Keywords: Calcium ; Cardiac transplantation ; Fluoride ; Glucocorticoid-induced osteoporosis ; Parathyroid hormone ; Vitamin D

Source: Springer Online Journal Archives 1860-2000

Topics: Medicine

Notes: Abstract Of 203 patients who underwent cardiac transplantation and were given long-term treatment with cyclosporine and 0.3 mg/kg per day prednisone, 123 were studied prospectively for at least 6 months and 46 for up to 2 years to evaluate the effects on lumbar bone mineral density (BMD) and calcium metabolism of a combined therapy with calcium, calcidiol and disodium monofluorophosphate (MFP). The population was arbitrarily assigned to one of two groups. Group I consisted of patients who had a lumbar spine BMDZ score above −1.5 SD as compared with an age-and sex-matched population and no vertebral fractures.
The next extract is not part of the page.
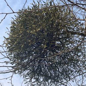 ヤドリギ 宿り木 ヤドリギ科 (ビャクダン科) 雌雄異株 常緑広葉樹の小低木 牧野植物園 1/20 おはようございます 落葉樹が葉を落とすとヤドリギは目立ちます💚 今回植物園ではヤドリギの大きくなったのは見当たりませんでした💚 大きくなると取り除かれてるのかしら⁉️ こちらが一番大きく育ってましたよ💚 まだ小さな芽立ちが所々に顔を出していて、あっ ここにも💚って見つけましたよ💚 光合成も行うようで半寄生の植物のようですね💚 植物園には雌雄どちらかの木しかいなくて実は付けないとの事(すみません聞き取れませんでした)🙏💦 ヤドリギの種類も忘れてしまいました🙏💦💚

They received daily 1 g elemental calcium and 25 µg (1000 IU) calcidiol. Group II consisted of patients who received daily the same doses of calcium and calcidiol combined with 200 mg MFP, and was divided into two subgroups: (a) osteopenic subjects who had a lumbar spine BMD Z score below −1.5 SD without vertebral fractures and (b) osteoporotic subjects with vertebral fractures. If serum creatinine was higher than 140 µmol/l the daily dose of MFP was tapered to 100 mg. Fifty-four and 27 patients from group I and 38 and 19 patients from group II were followed respectively for 12 and 24 months. In both groups serum parathyroid hormone levels were significantly reduced from the twelfth month in parallel with a significant increase in serum 25-OHD levels. No decline in lumbar BMD occurred in non-osteopenic and non-osteoporotic patients (group I) who received the calcium and calcidiol supplement. In group II, where MFP was added, a significant and linear increase in lumbar BMD was observed. The average increase reached 12.5% after 12 months and 29.5% after 24 months (p〈0.0001). The magnitude of the response was similar to the response previously reported in patients suffering from vertebral fractures due to postmenopausal osteoporosis and treated with the same daily dose of MFP. Because osteoporosis and fractures are not rare in patients after cardiac transplantation, these pilot results may be useful for further prevention and treatment trials of bone loss in this condition.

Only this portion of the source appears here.